The Green Energy Mess That Nobody Will Admit to

Reports in newspapers this week revealed that Britain’s domestic production of energy has reached a new record low. The news comes from trade group, Offshore Energies U.K. (OEUK), whose analysis, far from unexpected, details the pressures on investment in conventional energy production, such as the windfall tax on oil and gas companies. Since the turn of the century, U.K. production of energy has fallen by two thirds, whereas consumption has fallen by a third. The difference has been met by an increased dependence on imports. Yet neither the report itself, which is at best agnostic about renewables, nor the stories that cover it, seem to have taken seriously the harm that Net Zero and adjacent agendas have done to our industries, businesses and economy – and are set to do worse.

The U.K. ceased being a net energy exporter in 2004, amid a flurry of green policymaking, culminating in the Climate Change Act 2008, and its increased ‘Net Zero’ target adopted in 2019. Over the duration, coal-fired power stations were demolished, but not replaced with equivalent (i.e. reliable) generating capacity, shale gas exploration was abolished before it had even started. Energy investors in the U.K. and across the continent, lured to attractive guaranteed profits by subsidy regimes, and dissuaded from conventional energy by rising costs of capital, lost interest in oil and gas. Despite promises of ‘green jobs’, a ‘green industrial revolution’ and ‘green economic growth’ and lower prices being the constant chorus of energy ministers of all governments and their so-called ‘opposition’ counterparts, domestic energy prices tripled. So if these new data on Britain’s energy production do not prove the expensive and dangerous folly of more than two decades of U.K. climate policy, what could?

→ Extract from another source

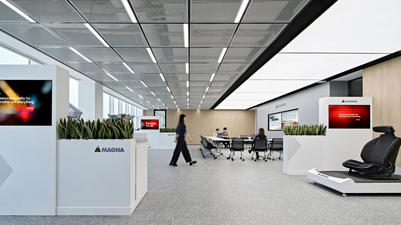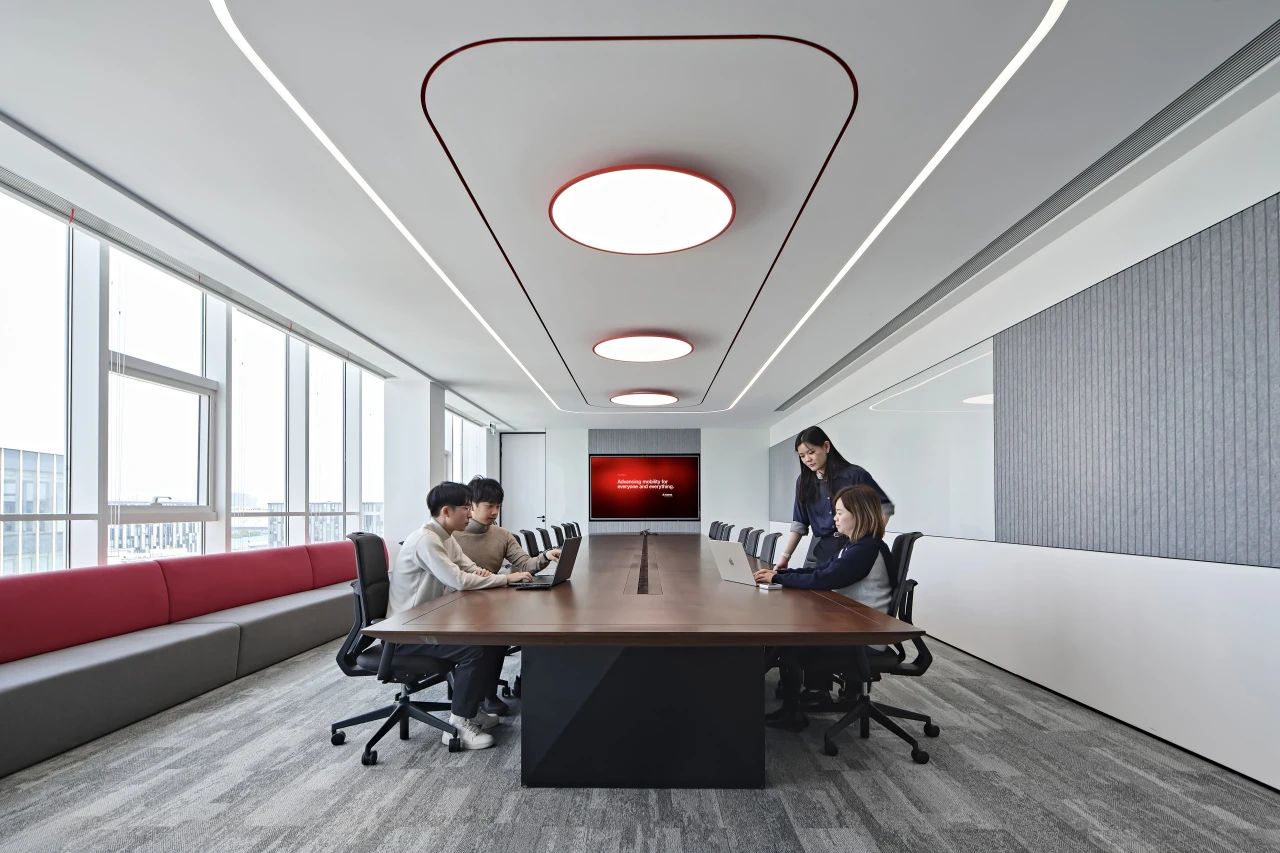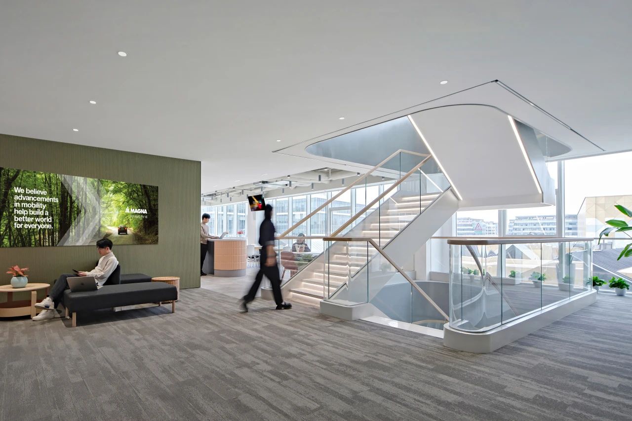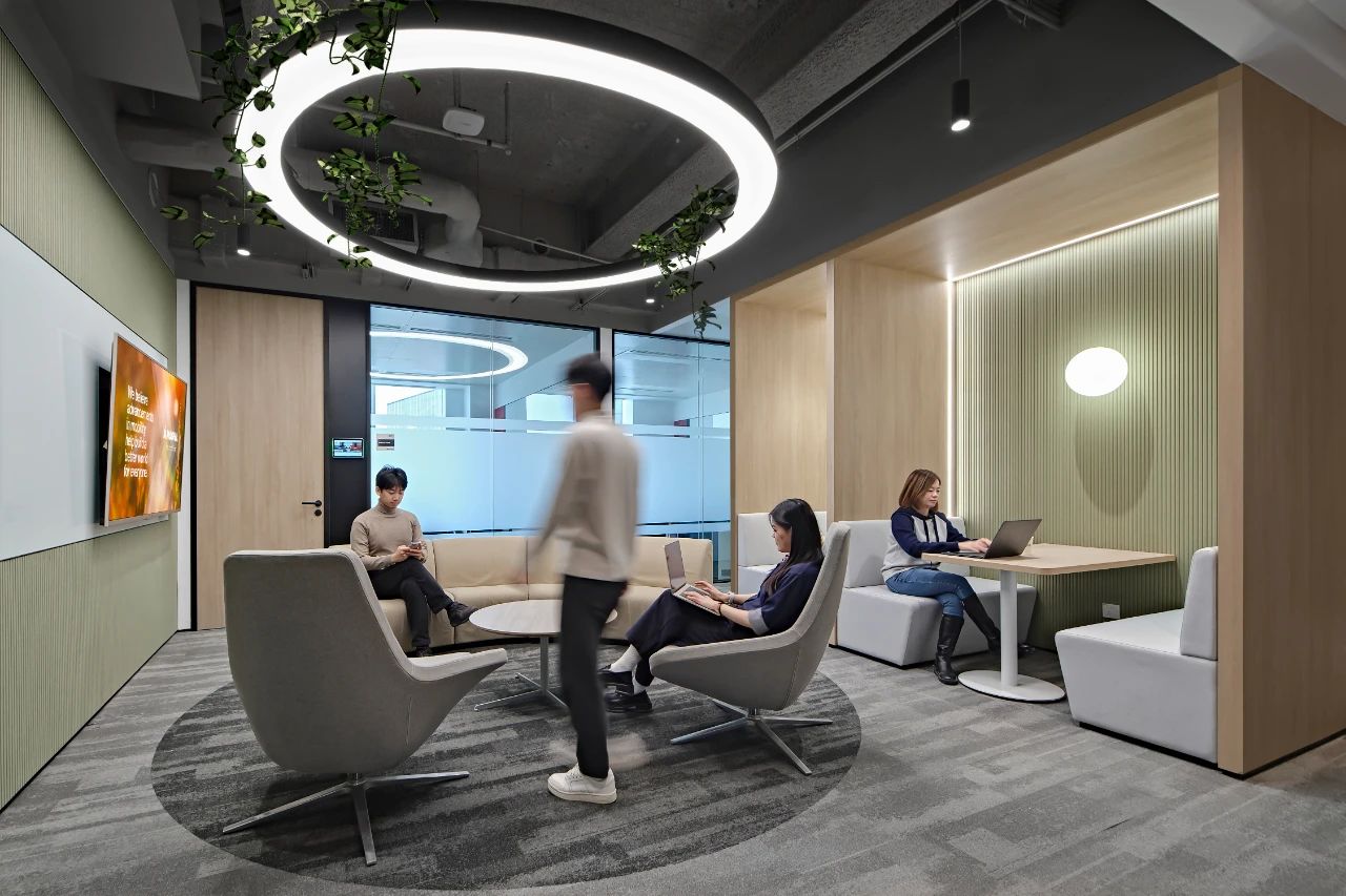 Reception以简洁流畅的线条和数字化交互设计,传递企业品牌基因,访客可在此处打卡标志性的品牌墙,开启科技之旅。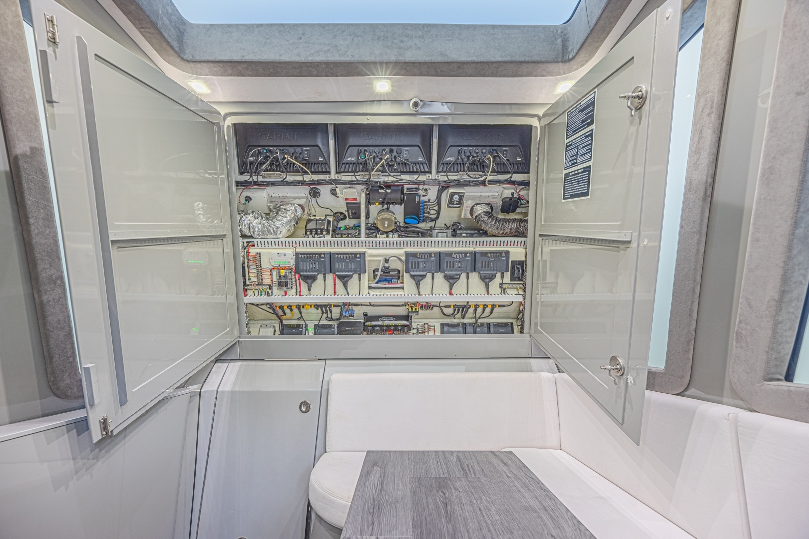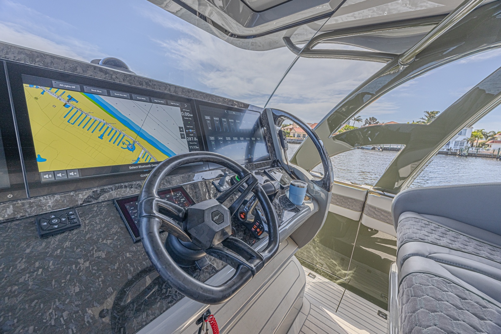The cockpit:The deck is laid out for both fishing and fast‑cruise comfort, with large non‑skid surfaces, integrated insulated fishboxes and livewell options, ample tackle and rod storage, and transom access tailored to the engine bracket. Lighting includes cockpit courtesy and optional underwater fixtures, while practical features such as raw water washdown, pumpouts and dedicated storage are integrated into the design. The center‑console helm is ergonomically arranged with elevated seating/leaning post options; electronics package is set up with 3 massive 22inch multi‑function Garmin displays, radar, autopilot, VHF and AIS, plus a premium stereo system for helm and cockpit audio.

It is as if the entire political establishment had at once decided to forget that there exists a relationship between scarcity and price. Yet, the effect of abolishing coal is just that: it creates scarcity. So too, do policies that either restrict the exploration of oil and gas, or increase the cost of capital, create scarcity. Politicians, lobbied by green billionaires’ ersatz ‘civil society’ organisations who pump false claims into the public sphere, then claim that the problem all along was ‘dependence’ on oil and gas. Green energy will lower prices and diminish the power of dictators, who turn energy into a ‘weapon’ that terrorises Europe, they claim. So successful are they in their policymaking that, since 2019, the Government has capped energy prices – a policy they stole from Ed Miliband in 2017, before taking us into Net Zero. If ‘green’ means anything at all, it means acute cognitive dissonance.

At stake, argues the OEUK report, is immense value that could be unleashed from the North Sea. But investment is being held back by policies, “having big impacts on the profitability of U.K. offshore energy”’ worth one trillion pounds of exports and £450 billion domestically “within the next 15 years”. However, though the bulk of that potential lies in oil and gas, the report includes in its analysis, wind power, CCS and hydrogen. Even oil and gas executives, it seems, have swallowed the green Kool-Aid. And that is a missed opportunity to reflect on the failures of the green agenda, as well as a disappointing failure of an industry to properly stick up for itself, and to defend industry in principle.